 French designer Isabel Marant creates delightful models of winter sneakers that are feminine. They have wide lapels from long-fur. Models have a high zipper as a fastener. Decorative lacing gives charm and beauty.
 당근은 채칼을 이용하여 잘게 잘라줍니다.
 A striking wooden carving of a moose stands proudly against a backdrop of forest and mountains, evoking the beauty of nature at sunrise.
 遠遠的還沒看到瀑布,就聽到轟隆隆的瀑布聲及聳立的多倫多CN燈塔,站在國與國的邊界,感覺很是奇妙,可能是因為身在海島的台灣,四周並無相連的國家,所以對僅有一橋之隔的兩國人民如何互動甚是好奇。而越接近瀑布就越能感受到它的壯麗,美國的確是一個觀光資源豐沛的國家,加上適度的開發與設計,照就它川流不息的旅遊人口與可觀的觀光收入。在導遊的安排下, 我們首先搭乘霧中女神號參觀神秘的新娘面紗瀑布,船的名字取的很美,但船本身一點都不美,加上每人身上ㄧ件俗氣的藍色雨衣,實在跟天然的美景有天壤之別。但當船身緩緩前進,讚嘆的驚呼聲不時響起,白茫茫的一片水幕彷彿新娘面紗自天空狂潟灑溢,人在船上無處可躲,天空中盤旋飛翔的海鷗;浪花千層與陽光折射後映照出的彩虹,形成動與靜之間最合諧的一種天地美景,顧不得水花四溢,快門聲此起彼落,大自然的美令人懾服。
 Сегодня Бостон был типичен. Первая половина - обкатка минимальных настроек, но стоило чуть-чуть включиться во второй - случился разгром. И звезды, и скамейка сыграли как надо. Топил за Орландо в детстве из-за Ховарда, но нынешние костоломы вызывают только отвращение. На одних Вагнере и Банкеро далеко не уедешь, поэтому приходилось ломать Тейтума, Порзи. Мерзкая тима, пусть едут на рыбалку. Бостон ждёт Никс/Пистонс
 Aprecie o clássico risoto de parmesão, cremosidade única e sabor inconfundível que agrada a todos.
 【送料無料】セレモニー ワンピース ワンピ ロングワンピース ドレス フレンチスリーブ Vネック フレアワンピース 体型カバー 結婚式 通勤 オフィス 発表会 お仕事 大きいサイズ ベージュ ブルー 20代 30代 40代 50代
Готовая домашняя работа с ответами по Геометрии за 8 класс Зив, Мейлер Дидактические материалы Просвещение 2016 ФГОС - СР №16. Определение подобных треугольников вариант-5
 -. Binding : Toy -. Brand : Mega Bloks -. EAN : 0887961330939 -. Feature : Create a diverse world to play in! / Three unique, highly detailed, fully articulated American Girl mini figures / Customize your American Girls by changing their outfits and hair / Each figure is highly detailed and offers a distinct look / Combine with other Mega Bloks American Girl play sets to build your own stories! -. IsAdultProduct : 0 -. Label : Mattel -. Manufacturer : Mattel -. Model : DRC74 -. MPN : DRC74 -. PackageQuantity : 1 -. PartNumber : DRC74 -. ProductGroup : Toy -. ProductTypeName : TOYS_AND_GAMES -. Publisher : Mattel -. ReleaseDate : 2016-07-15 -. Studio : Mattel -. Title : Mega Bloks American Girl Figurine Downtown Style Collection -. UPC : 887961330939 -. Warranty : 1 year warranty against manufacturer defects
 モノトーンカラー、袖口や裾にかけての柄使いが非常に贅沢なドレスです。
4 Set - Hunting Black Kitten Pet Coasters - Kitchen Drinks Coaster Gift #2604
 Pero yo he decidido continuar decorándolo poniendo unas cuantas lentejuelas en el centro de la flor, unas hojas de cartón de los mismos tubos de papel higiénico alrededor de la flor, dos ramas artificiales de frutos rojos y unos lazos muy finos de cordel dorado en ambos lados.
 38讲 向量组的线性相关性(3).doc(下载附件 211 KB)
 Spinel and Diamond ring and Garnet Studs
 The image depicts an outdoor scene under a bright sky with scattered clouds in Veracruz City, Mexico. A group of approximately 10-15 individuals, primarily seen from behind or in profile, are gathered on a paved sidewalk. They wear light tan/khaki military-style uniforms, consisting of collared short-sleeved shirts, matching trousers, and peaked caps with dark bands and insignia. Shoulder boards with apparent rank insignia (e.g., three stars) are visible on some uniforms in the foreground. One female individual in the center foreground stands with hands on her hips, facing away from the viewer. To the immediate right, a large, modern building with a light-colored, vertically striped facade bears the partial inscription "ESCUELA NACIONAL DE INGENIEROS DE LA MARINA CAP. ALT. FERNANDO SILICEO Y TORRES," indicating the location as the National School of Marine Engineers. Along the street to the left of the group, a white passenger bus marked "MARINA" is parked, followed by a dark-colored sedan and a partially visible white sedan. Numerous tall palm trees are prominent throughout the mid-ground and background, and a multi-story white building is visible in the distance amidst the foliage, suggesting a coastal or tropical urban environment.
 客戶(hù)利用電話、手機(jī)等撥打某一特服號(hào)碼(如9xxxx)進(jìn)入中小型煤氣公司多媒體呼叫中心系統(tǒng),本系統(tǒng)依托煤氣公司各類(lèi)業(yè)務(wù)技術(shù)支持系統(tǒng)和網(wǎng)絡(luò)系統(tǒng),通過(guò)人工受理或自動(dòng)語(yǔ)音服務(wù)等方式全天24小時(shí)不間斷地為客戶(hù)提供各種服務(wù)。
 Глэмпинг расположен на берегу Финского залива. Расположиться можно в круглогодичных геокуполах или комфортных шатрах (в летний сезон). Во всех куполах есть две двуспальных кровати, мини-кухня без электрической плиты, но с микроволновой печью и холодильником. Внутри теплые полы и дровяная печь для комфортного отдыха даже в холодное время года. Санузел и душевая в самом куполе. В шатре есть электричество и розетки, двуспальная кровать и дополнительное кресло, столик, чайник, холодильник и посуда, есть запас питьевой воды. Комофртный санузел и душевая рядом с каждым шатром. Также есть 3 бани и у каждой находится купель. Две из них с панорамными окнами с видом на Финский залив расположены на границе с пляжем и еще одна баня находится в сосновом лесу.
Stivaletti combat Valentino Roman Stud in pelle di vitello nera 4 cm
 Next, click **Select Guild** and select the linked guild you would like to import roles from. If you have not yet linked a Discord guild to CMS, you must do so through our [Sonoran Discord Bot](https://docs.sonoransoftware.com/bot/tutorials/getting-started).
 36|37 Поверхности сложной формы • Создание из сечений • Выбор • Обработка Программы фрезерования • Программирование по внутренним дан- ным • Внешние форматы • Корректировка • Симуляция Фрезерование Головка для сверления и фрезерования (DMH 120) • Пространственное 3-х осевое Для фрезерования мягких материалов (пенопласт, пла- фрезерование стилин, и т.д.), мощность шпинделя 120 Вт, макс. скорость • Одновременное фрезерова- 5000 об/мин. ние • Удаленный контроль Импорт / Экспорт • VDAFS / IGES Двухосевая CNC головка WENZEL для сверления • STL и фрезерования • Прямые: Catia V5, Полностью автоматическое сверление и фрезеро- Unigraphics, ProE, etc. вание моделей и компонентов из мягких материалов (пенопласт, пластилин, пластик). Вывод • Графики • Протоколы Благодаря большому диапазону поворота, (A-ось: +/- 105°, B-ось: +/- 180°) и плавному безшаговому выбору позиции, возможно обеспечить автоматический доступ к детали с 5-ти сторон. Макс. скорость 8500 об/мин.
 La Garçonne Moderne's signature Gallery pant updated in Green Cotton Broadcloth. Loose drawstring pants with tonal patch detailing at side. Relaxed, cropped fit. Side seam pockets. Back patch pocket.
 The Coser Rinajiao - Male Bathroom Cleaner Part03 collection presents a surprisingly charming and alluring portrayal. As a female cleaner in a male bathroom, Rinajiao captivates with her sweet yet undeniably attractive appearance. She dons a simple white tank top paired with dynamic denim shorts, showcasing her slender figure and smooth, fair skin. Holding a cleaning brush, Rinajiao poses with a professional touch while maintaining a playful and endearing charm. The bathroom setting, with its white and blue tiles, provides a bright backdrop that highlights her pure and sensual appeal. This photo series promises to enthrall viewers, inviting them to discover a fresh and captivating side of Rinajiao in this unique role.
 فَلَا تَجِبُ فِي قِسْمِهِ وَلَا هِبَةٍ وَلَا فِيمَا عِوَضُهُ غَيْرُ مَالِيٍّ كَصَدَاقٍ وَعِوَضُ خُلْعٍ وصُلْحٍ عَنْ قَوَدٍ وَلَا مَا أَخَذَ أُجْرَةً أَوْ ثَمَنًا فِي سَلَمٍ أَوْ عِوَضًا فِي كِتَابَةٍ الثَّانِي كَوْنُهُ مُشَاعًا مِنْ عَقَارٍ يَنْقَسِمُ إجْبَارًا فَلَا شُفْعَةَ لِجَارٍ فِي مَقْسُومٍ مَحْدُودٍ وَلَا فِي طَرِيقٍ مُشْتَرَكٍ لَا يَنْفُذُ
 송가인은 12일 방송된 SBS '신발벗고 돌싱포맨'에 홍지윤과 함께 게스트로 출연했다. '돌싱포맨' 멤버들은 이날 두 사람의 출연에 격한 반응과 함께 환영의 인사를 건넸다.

_ _ _ _ _ _ _

Work to be completed: Starting at the line that contains "Aprecie o clássico" and stopping after the line that contains "Готовая домашняя работа", write out every line exactly as it appears above, and no other line.

Answer to this problem:
 Aprecie o clássico risoto de parmesão, cremosidade única e sabor inconfundível que agrada a todos.
 【送料無料】セレモニー ワンピース ワンピ ロングワンピース ドレス フレンチスリーブ Vネック フレアワンピース 体型カバー 結婚式 通勤 オフィス 発表会 お仕事 大きいサイズ ベージュ ブルー 20代 30代 40代 50代
Готовая домашняя работа с ответами по Геометрии за 8 класс Зив, Мейлер Дидактические материалы Просвещение 2016 ФГОС - СР №16. Определение подобных треугольников вариант-5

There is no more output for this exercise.